I had this problem on an excavator once turned. out to be a cracked fitting if you had a cold night it would not start warm night it would. We put a clear fuel line on it and on a cold morning there would be air in the line so we sat and watched every ten minutes a new bubble would appear . That is my best guess, lots of luck.


----------



## Bgriffin856

New fuel filters may help

Had the inline one our 7405 plug up, pulling chopper and fully loaded wagon of corn up a hill. Didn't realize it was that one as they were all changed in the spring. Changed the other filter, started right up and as long as it was started every day it started with no problem.
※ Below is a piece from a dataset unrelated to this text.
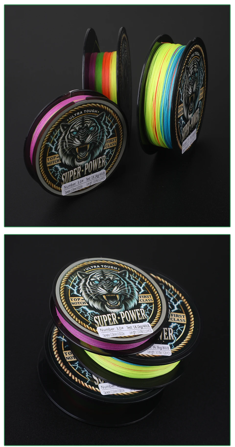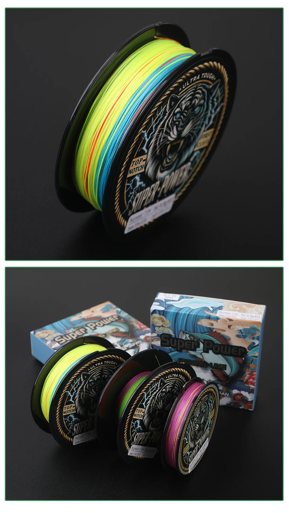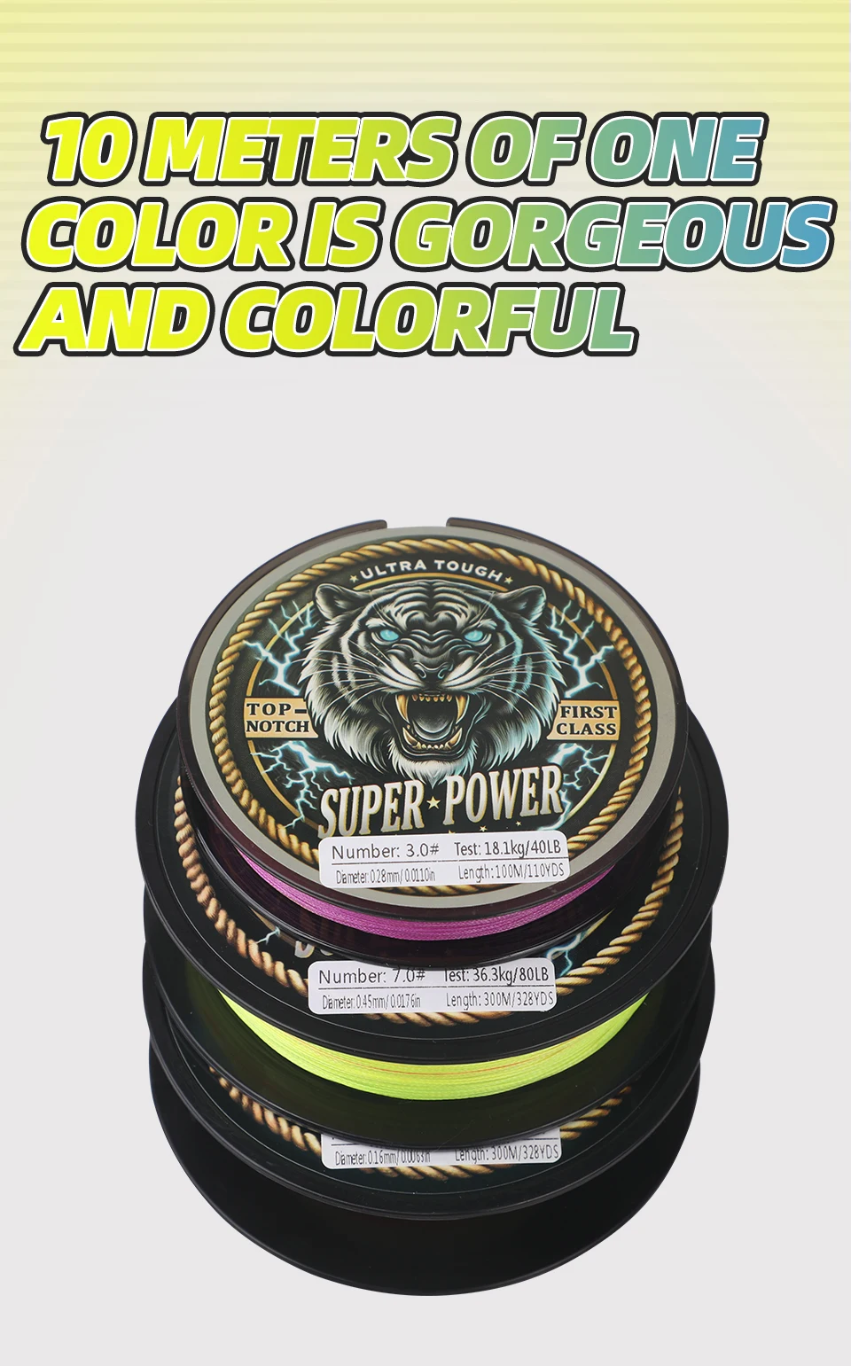 ROLLFISH Línea de pesca trenzada de PE de 8 hebras 300 m-Resistente 70-160 LB, cambio de color cada 10 m para juegos grandes, agua salada, en alta mar,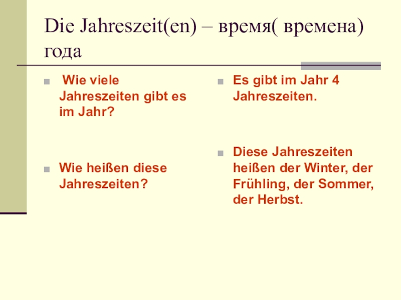 Diese Jahreszeiten heißen der Winter, der Frühling, der Sommer, der Herbst.

Let it sit for a few days or cold enough it wouldn't start without priming it

Just a thought


----------



## 6125

I'll add we also installed the inline check valve to our 6410 and it improved starting dramatically. I still however am not impressed with the starter and it's speed of spinning over the motor when cold. Sounds like this is a common problem maybe.


----------



## Orchard6

6125 said:


> I'll add we also installed the inline check valve to our 6410 and it improved starting dramatically. I still however am not impressed with the starter and it's speed of spinning over the motor when cold. Sounds like this is a common problem maybe.


I wonder if this starter speed issue is related to the fact that those models have only a single battery and it's way out in front of the radiator, requiring longer cables? Maybe someone could upgrade their battery cables to a larger gauge and see if it helps.


----------



## Cattleman1524

I put new battery and cables larger then what was there and no difference


----------



## bluefarmer

I say it's a starter getting tired, or brushes not contacting. I had one on a JD backhoe that somehow got moisture inside and froze up the bottom brush keeping it from contacting. With it having 4 it was only performing at 1/2 potential. It wouldn't start below freezing


----------



## farmer57

Got the same problem with the MF we got......only thing is its a gaser and its way to far from the shop to plug in


----------